6. Exosome formulation and route of administration

The formulations of exosomes commonly tested in in vivo studies are simple aqueous dispersions without other excipients.^{17,26,27,48,125,150} Early studies in our laboratory indicated that lyophilization improved the stability and prevented the leakage of the drug, and a significant change in the size of lyophilized exosomes was observed 1 day after storage at 4 °C in the absence of cryoprotectants. However, the inclusion of cryoprotectants remarkably improved the exosome stability during lyophilization (Fig. 8). Further research on optimizing the optimal concentration of cryoprotectants and understanding the mechanism of the cryoprotectants is underway.
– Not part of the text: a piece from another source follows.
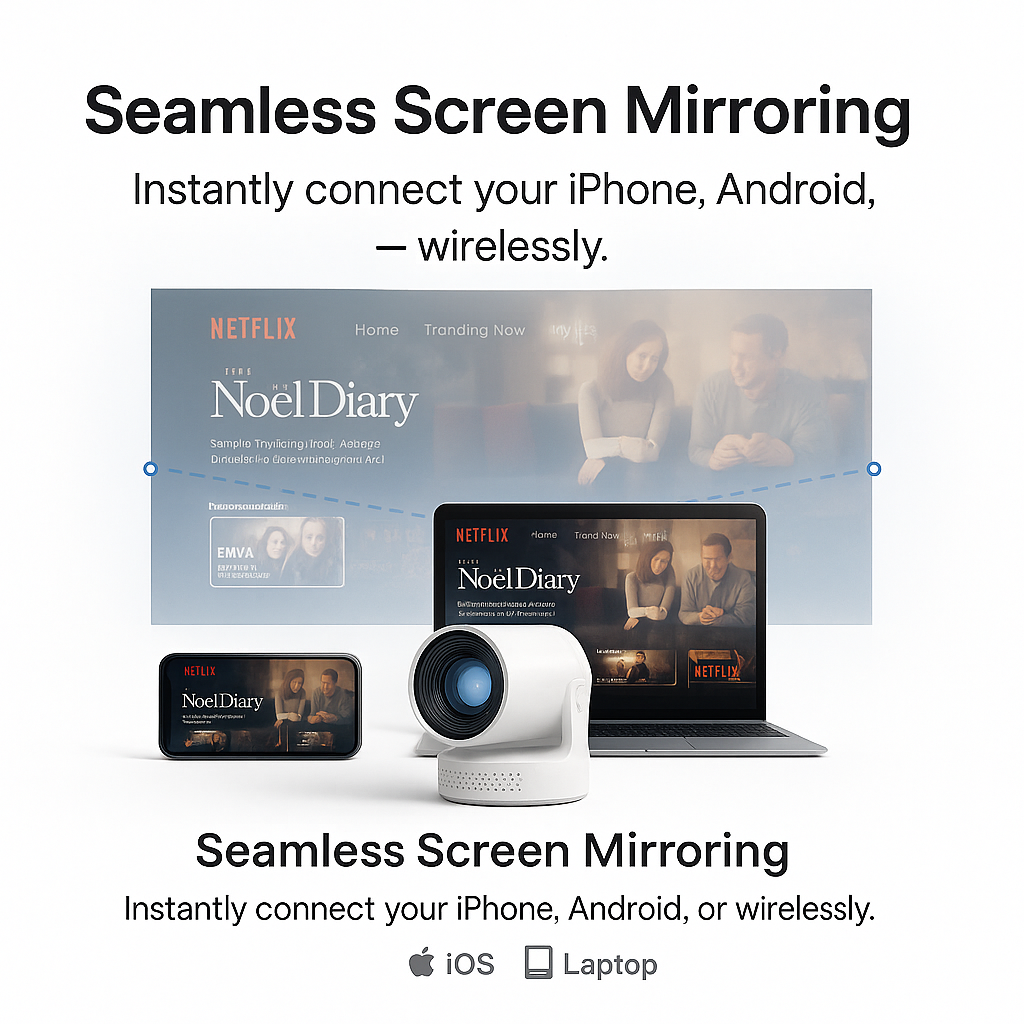 Yes — The MAG 3 PRO supports Wi-Fi screen mirroring from Android, iPhone, Windows, and Mac devices. Perfect for sharing photos, videos, and presentations instantly.
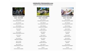 “Wheels At The Palace is een evenement waar vele prachtige oldtimers, moderne en toekomstige auto’s tentoongesteld worden en er een spannende Pre-War Sprint wordt gereden, maar het evenement op Paleis Soestdijk is meer dan alleen automobilia. Zo is er een Modeshow waar de nieuwste kledingstukken worden getoond, een Royal Fair waar er kunst, kleding of andere mooie producten gekocht kunnen worden, een boekenmarkt om in te snuffelen en een Trapauto Race voor de kinderen.”

In addition, our group is currently investigating the impacts of other manufacturing processes like filtration and sterilization on the stability and drug release of exosomal formulations.

Fig. 8 Effect of cryoprotectants on the recovery of lyophilized bovine milk-derived exosomes. While original exosomes are stable before lyophilization, the size of lyophilized exosomes without cryoprotectants tripled within 1 day. Using cryoprotectants enhanced the stability of exosomes during lyophilization. Mannitol and glycine 0.5% (w/v) have shown the best effects (cryoprotectant concentration was 0.5% w/v and reconstituted samples were stored at 4 °C).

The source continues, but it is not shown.